New Zealand flax is not fussy about soil; it will do well even in poor soil, provided it is well-drained. It prefers slightly acidic soil but is perfectly happy in neutral soil. When grown in containers, a rich potting mix is preferred over a standard potting mix.

Water

New Zealand flax has average water needs. When planted in the garden, about 1 inch of water per week in the form of rainfall and/or irrigation is ideal. Potted plants should be kept consistently moist, but not soggy.

Temperature and Humidity

New Zealand flax is dependably hardy and evergreen in USDA zones 9 to 11, but gardeners in zones 7 and 8 may find that the plants return each spring after dying back if they are heavily mulched for the winter. More often, cold-weather gardeners grow them as potted plants that are moved to shelter for the winter.

Fertilizer

These plants tolerate poor soil and thus don't usually require much in the way of feeding. An annual top-dressing of well-rotted compost can help provide nutrients and retain soil moisture.

Being Grown in Containers

Phormium tenax can easily be grown in containers. Choose a rich, organic mix over a traditional potting soil and keep the plant well-watered in summer’s heat, but don't allow it to sit in wet soil for a prolonged period of time. Don’t allow the plants to experience frost. When wintered indoors, it prefers cool temperatures but lots of sunlight.

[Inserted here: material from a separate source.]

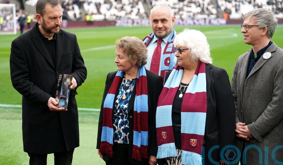 He was inducted into the Hall of Fame in a pitchside ceremony attended by Brooking, fellow former player Carlton Cole and Leslie’s granddaughters Lyn, Gill and Les.

Propagating New Zealand Flax

Lift and divide plants in the spring. You can start new plants indoors by potting larger rhizome pieces and allowing them to grow a bit before relocating outdoors. New Zealand flax can also be started from seed, although it needs a warm temperature of over 60 degrees Fahrenheit to germinate.

Common Pests/ Diseases

Mealybugs can infest plants and are hard to eradicate from inside the long leaves. Many times it’s easiest to just dispose of the infested plant. Fungal leaf spots may also mar the leaves.

When grown indoors, these plants are susceptible to many of the common pests affecting other houseplants, including mites and whiteflies. Horticultural soaps and oils are the first options for treating these pests.

Varieties of New Zealand Flax

New varieties of Phormium are introduced just about every year and they get more and more ornamental. Take a look around your local nursery to see what they've come up with this year. Be aware that the cultivars and hybrids are sometimes more temperamental than the pure P. tenax species plant. Established favorites include:

  • Phormium tenax 'Bronze Baby' has bronze foliage and grows to about 2 feet tall with a 2- to 3-foot spread. It is a good choice for containers.
  • Phormium 'Duet' is a dwarf plant (about 1 foot tall). It has green leaves edged in cream, with very stiff leaf blades.
  • Phormium 'Jester' has bronze leaves with green striping. It is about 3 feet tall.
  • Phormium 'Sundowner' has green leaves with rosy-pink margins. It is about 6 feet tall and wide.

New Zealand Flax vs. Lesser New Zealand Flax

A closely related species that also goes by the common name New Zealand flax or lesser New Zealand flax is P. colensoi. This plant is less common than P. tenax, with shorter leaves that have a lesser degree of recurve. The seed pods are twisted and pendulous in shape.

These species readily interbreed, and some of the named cultivars are crosses between the two species.

Landscape Uses

Use New Zealand flax in place of Dracaena or spiky vinca in containers and in place of ornamental grasses in garden beds. Contrast Phormium's dramatic leaves with low-growing, delicate foliage, such as perennial geraniums and coreopsis. New Zealand flax can even be grown successfully in boggy areas. The leaves can also be cut in the fall for use in flower arrangements.